そのうえ甲は死刑が6か月以内に執行されないと、精神的苦痛を理由とする国家賠償請求訴訟及び法務大臣野沢太三(当時)に対する特別公務員暴行陵虐致傷罪での刑事告訴を起こす準備をしていた。もっとも告訴した場合には、たとえ受理されなくても手続きが滞って執行が遅れる可能性もあり、依頼を受けた弁護士は実際に手続きを行うつもりはなかったという。また担当弁護士に届いた2004年の年賀状には「ケジメをつけるためにご協力お願いします」としたためており、一刻も早い処刑を望んでいた。

死刑執行

死刑確定から1年近く後の2004年9月14日午前8時16分、大阪拘置所で甲の死刑が執行された。結果的には彼の望んだ通りの早期の死刑執行となった[7]。死刑確定から約1年での死刑執行は、比較的近い例としては1975年北九州市暴力団幹部ら4人を殺害し、1977年2月に死刑判決を受け、6月に自ら控訴を取り下げて判決を確定させ、翌1978年11月に福岡拘置所で刑が執行された元暴力団員がいるものの、近年の日本ではきわめて異例のスピード執行であったといえる。

甲が最期に残し、後に妻が刑務官から伝えられた[8]言葉は「ありがとうと、僕が言っていたと妻に伝えてください」とされる。また死刑執行の前には朝食を取ることが許されなかったが、受け取った、タバコとジュースをゆっくり味わっていたという。だが、最期まで遺族への謝罪は無いままの死刑執行となった。 なお、葬儀はマスコミが押しかけることと、費用面など経済的事情もあり難航し、結局は信者ではなかった大阪市内のキリスト教関係の施設で行われたという[8]

事件後の反響

犠牲者に対する対応

この事件で死亡した2年生7名は、2006年に同級生と共に特別に卒業証書を授与され[9]、「小学校を卒業」という形になった。さらに、翌年にはこれと同様に、死亡した1年生1名に卒業証書が授与された。また小学校を管理する文部科学省は被害者遺族らに総額4億円の慰謝料や賠償金を支給した。

学校側の対応不足

文部省(当時)は、1999年(平成11年)12月に京都市立日野小学校で発生した児童刺殺事件後に「安全管理に関する通知」を出しているが、附属学校を設置管理する文部省及び大阪教育大学では各附属学校の安全措置の状況を把握していなかった。
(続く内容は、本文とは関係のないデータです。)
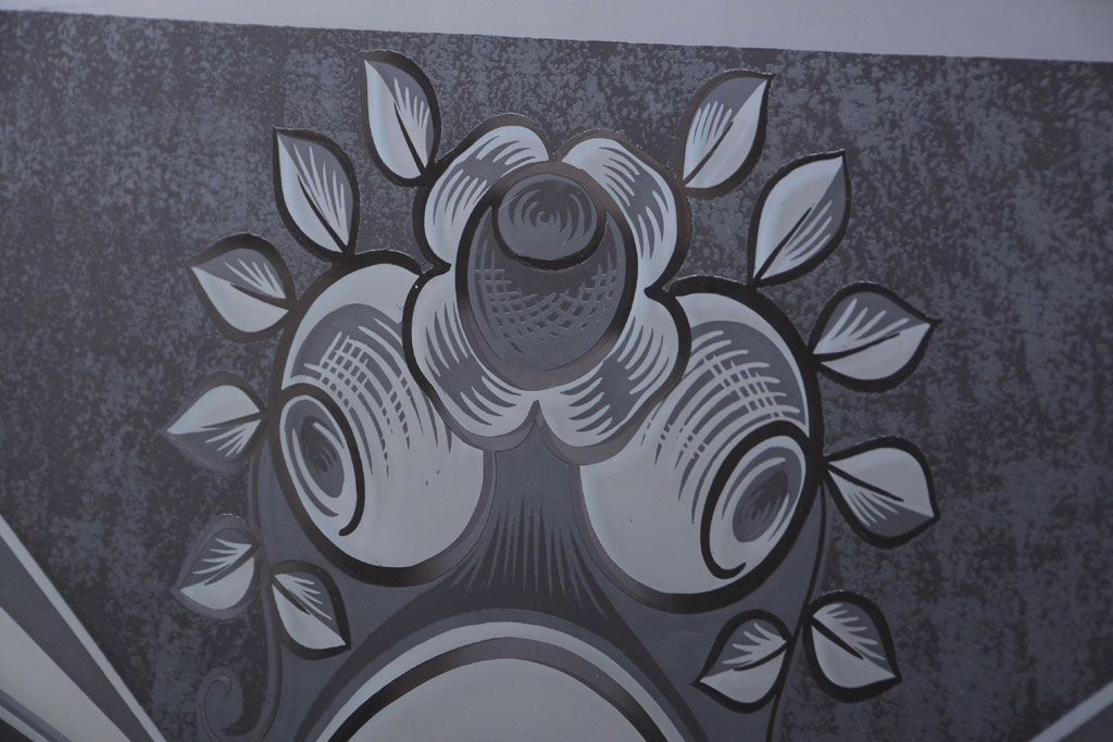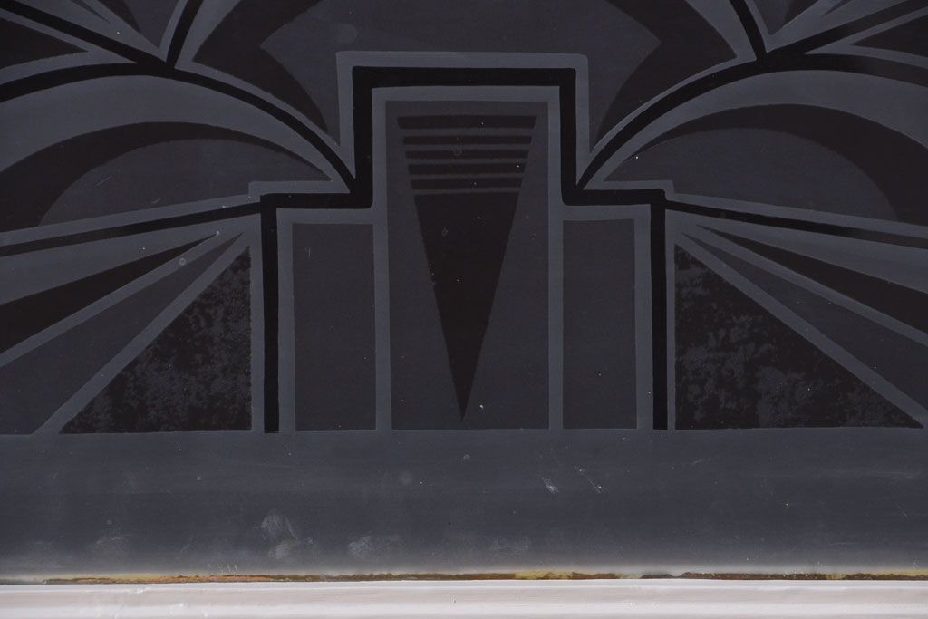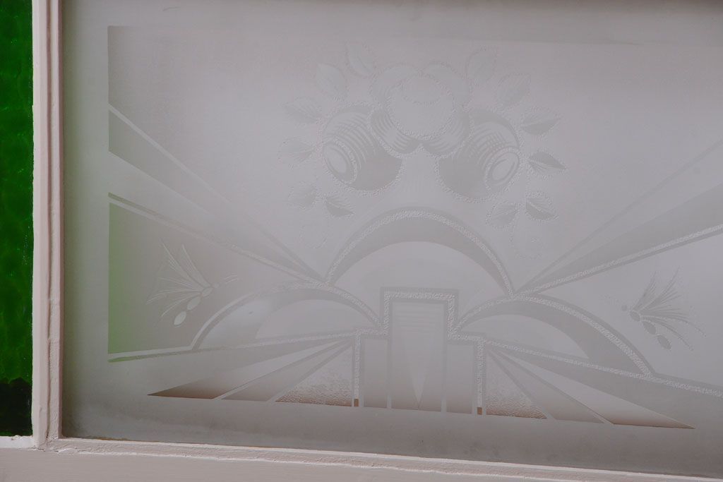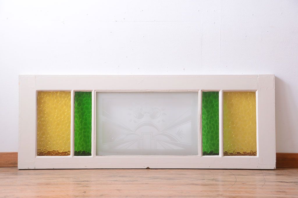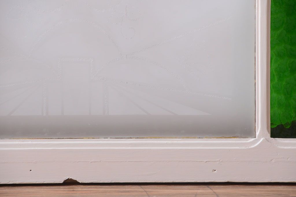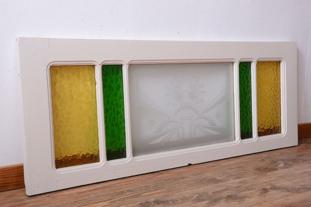 イギリスアンティーク 色ガラス入り!エッチングガラスのおしゃれなペイント明り取り(窓)です。

通知に関しては、教職員に対して一度口頭で伝えたにとどまり、それ以外の格別の対応をとっておらず、事件当日も不審者に対して教職員による十分な対応がなされていなかったことが、被害生徒の救助の遅れや犯人逮捕の遅れにつながった。犯人を取り押さえてから警察による犯人逮捕までの間、学校側による状況把握ができず、管理職や教務主任は混乱の中で事件の全容をつかめなかったほか、組織的な対処行動[10]ができなかったため、死亡した8名の児童は20分前後も放置されてしまった[11]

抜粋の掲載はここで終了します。